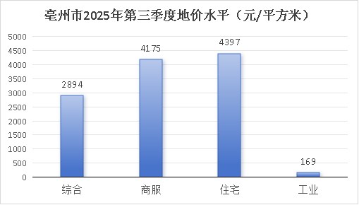 表1 亳州市2025年第三季度地价水平一览表
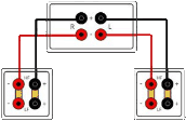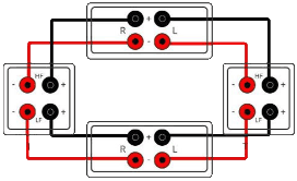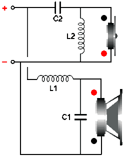 Les deux entrées sont cours-circuitées par un pontage lors de l'achat et un seul cable de l'ampli vers l'enceinte suffit. Cette connection normale suffit pour les gens normaux. Il n'y a aucune raison d'utiliser du bi-wiring, sauf si vous voulez payer deux fois vos chers cables en cuivre oxygen free 99.995%. Le bi-amping est très interessant, surtout pour un amplificateur à lampes qui a généralement une puissance moindre. Le bi-amping permet de réduire la distorsion d'untermodulation (toujours présente avec des amplificateurs à lampes) et on dispose d'une puissance sonore qui est plus élevée que la puissance des deux amplis combinés. Le premier filtre qui est montré est un crossover standard qui est utilisé dans beaucoup d'enceintes (parfois en une version plus simple). Ce filtre se trouve dans l'enceinte même et sépare les basses des aiguës pour les envoyer aux haut parleurs correspondants. Il y a parfois une résistance qui est placée en série avec le tweeter pour égaliser les niveaux sonores. Le passage des basses aux aigues et progressif et il y a peu de déphasages à la fréquence de coupure. Le tweeter est branché à l'envers, c'est parce que le condensateur produit un déphasage avant de 90° et que la self produit un déphasage arrière de 90°. En tout on a alors un déphasage de 180° et c'est pour cela qu'un des deux haut parleurs est branché à l'envers. On aurait tout aussi bien pu inverser les connections du woofer, c'est simplement une convention. On ne peut pas utiliser une enceinte dont le tweeter est branché inversément et l'autre enceinte dont le woofer est branché inversément. C'est pour cela qu'il y a cette convention. Les enceintes avec un filtre très simple (un condensateur pour le tweeter) n'ont pas cette inversion. Il existe aussi un filtre série, montré ici dans une configuration du troisième ordre. L'ordre indique le nombre de composants filtrants par haut parleur dans le crossover. Le calcul des filtres de crossover est complexe car le haut parleur ne se comporte pas comme une simple résistance. Il faut prendre en compte la fréquence de résonnance du haut parleur, et cette fréquence change quand le haut parleur est placé dans l'enceinte. Une combinaison de filtres et de haut parleurs qui sonne très bien dans une enceinte donnée peut produire un mauvais son dans une autre enceinte qui charge différemment les haut parleurs et produit d'autres fréquences de résonnance. Je dispose de nombreux appareils de mesure pour tester les amplificateurs (générateurs multi fonctions, oscilloscope, distorsiomètre pour analyser les harmoniques,...) mais je n'ai rien pour tester les enceintes (pour commencer il faut un local adapté que je n'ai pas). Les enceintes qui ont deux entrées pour le bi wiring ou bi amping ne peuvent pas utiliser un filtre crossover série. Certains concepteurs préfèrent un filtre série, d'autres un filtre parallèle. Moi je préfère la configuration bi ampli où le filtrage s'effectue dans l'ampli même: pas de résonnances parasites, pas d'impédances changeantes et le filtre qui peut être calculé plus simplement. Dans un bi ampli, un filtre de 6dB par octave suffit généralement.
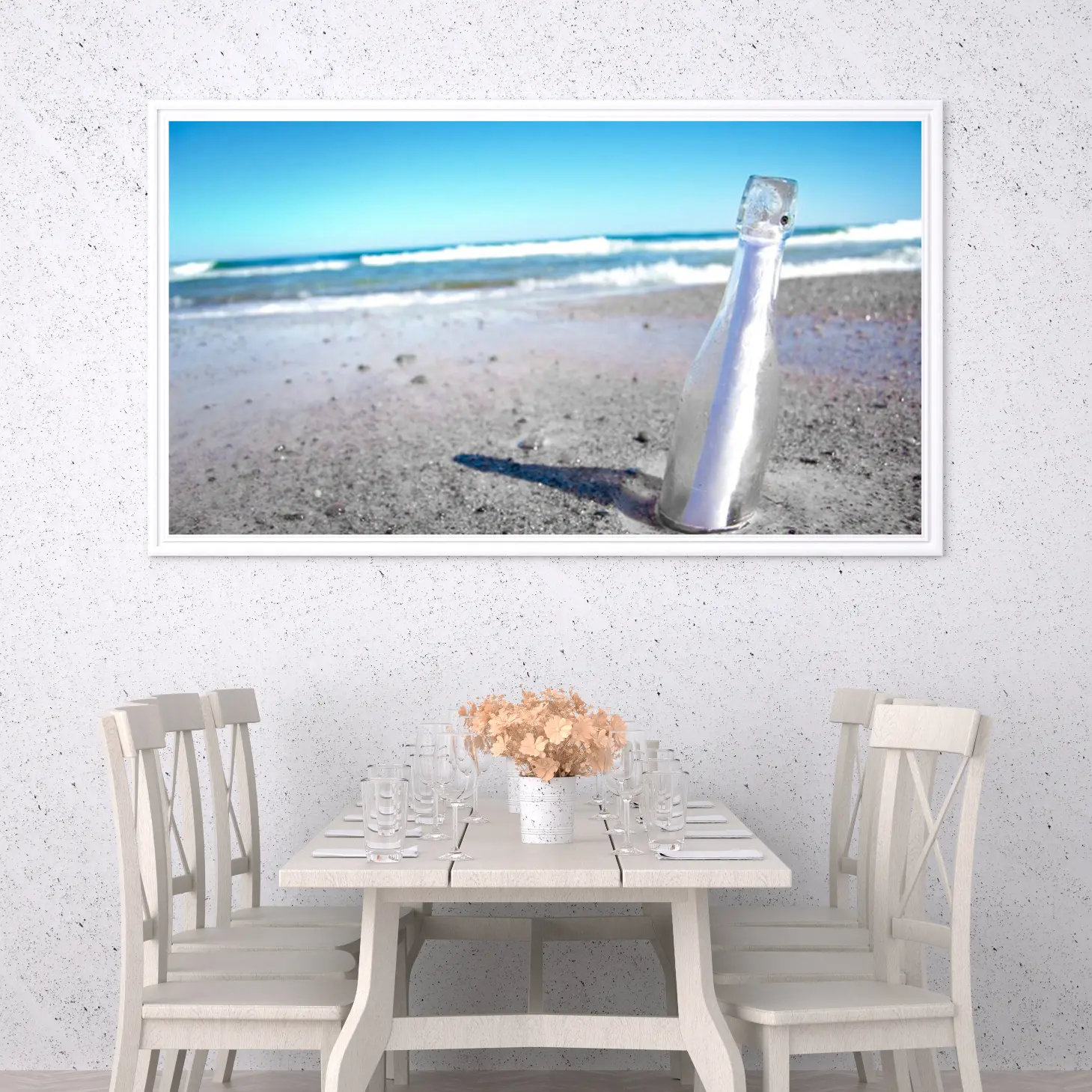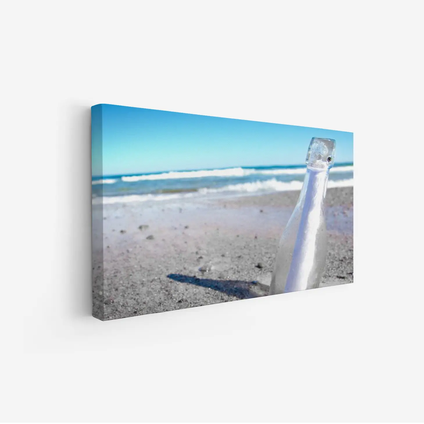 استمتع بجمال الطبيعة مع هذه اللوحة الفنية التي تلتقط لحظة ساحرة على شاطئ البحر. زجاجة شفافة تتلألأ تحت أشعة الشمس، محاطة برمال ناعمة ومياه زرقاء، تعكس روح المغامرة والهدوء. أضف لمسة من السحر إلى مساحتك مع هذه التحفة الفنية الفريدة.
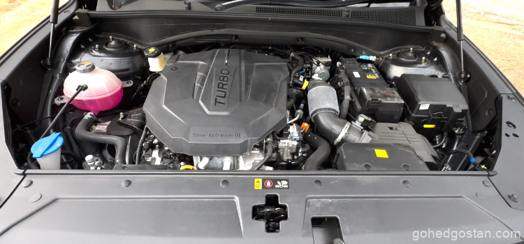 Sebaik sahaja enjin 2.2L CRDi turbodiesel dihidupkan, serta-merta terasa karakternya – senyap, bertenaga dan penuh keyakinan. Dengan 202 PS dan 440 Nm tork, tidak perlu menekan pedal terlalu dalam untuk mendapatkan kuasa yang diperlukan, terutama ketika mahu memotong atau mendaki bukit.
+++++
Print the material above exactly, skipping its images.

FINAL ANSWER:
 表1 亳州市2025年第三季度地价水平一览表
 Les deux entrées sont cours-circuitées par un pontage lors de l'achat et un seul cable de l'ampli vers l'enceinte suffit. Cette connection normale suffit pour les gens normaux. Il n'y a aucune raison d'utiliser du bi-wiring, sauf si vous voulez payer deux fois vos chers cables en cuivre oxygen free 99.995%. Le bi-amping est très interessant, surtout pour un amplificateur à lampes qui a généralement une puissance moindre. Le bi-amping permet de réduire la distorsion d'untermodulation (toujours présente avec des amplificateurs à lampes) et on dispose d'une puissance sonore qui est plus élevée que la puissance des deux amplis combinés. Le premier filtre qui est montré est un crossover standard qui est utilisé dans beaucoup d'enceintes (parfois en une version plus simple). Ce filtre se trouve dans l'enceinte même et sépare les basses des aiguës pour les envoyer aux haut parleurs correspondants. Il y a parfois une résistance qui est placée en série avec le tweeter pour égaliser les niveaux sonores. Le passage des basses aux aigues et progressif et il y a peu de déphasages à la fréquence de coupure. Le tweeter est branché à l'envers, c'est parce que le condensateur produit un déphasage avant de 90° et que la self produit un déphasage arrière de 90°. En tout on a alors un déphasage de 180° et c'est pour cela qu'un des deux haut parleurs est branché à l'envers. On aurait tout aussi bien pu inverser les connections du woofer, c'est simplement une convention. On ne peut pas utiliser une enceinte dont le tweeter est branché inversément et l'autre enceinte dont le woofer est branché inversément. C'est pour cela qu'il y a cette convention. Les enceintes avec un filtre très simple (un condensateur pour le tweeter) n'ont pas cette inversion. Il existe aussi un filtre série, montré ici dans une configuration du troisième ordre. L'ordre indique le nombre de composants filtrants par haut parleur dans le crossover. Le calcul des filtres de crossover est complexe car le haut parleur ne se comporte pas comme une simple résistance. Il faut prendre en compte la fréquence de résonnance du haut parleur, et cette fréquence change quand le haut parleur est placé dans l'enceinte. Une combinaison de filtres et de haut parleurs qui sonne très bien dans une enceinte donnée peut produire un mauvais son dans une autre enceinte qui charge différemment les haut parleurs et produit d'autres fréquences de résonnance. Je dispose de nombreux appareils de mesure pour tester les amplificateurs (générateurs multi fonctions, oscilloscope, distorsiomètre pour analyser les harmoniques,...) mais je n'ai rien pour tester les enceintes (pour commencer il faut un local adapté que je n'ai pas). Les enceintes qui ont deux entrées pour le bi wiring ou bi amping ne peuvent pas utiliser un filtre crossover série. Certains concepteurs préfèrent un filtre série, d'autres un filtre parallèle. Moi je préfère la configuration bi ampli où le filtrage s'effectue dans l'ampli même: pas de résonnances parasites, pas d'impédances changeantes et le filtre qui peut être calculé plus simplement. Dans un bi ampli, un filtre de 6dB par octave suffit généralement.
 استمتع بجمال الطبيعة مع هذه اللوحة الفنية التي تلتقط لحظة ساحرة على شاطئ البحر. زجاجة شفافة تتلألأ تحت أشعة الشمس، محاطة برمال ناعمة ومياه زرقاء، تعكس روح المغامرة والهدوء. أضف لمسة من السحر إلى مساحتك مع هذه التحفة الفنية الفريدة.
 Sebaik sahaja enjin 2.2L CRDi turbodiesel dihidupkan, serta-merta terasa karakternya – senyap, bertenaga dan penuh keyakinan. Dengan 202 PS dan 440 Nm tork, tidak perlu menekan pedal terlalu dalam untuk mendapatkan kuasa yang diperlukan, terutama ketika mahu memotong atau mendaki bukit.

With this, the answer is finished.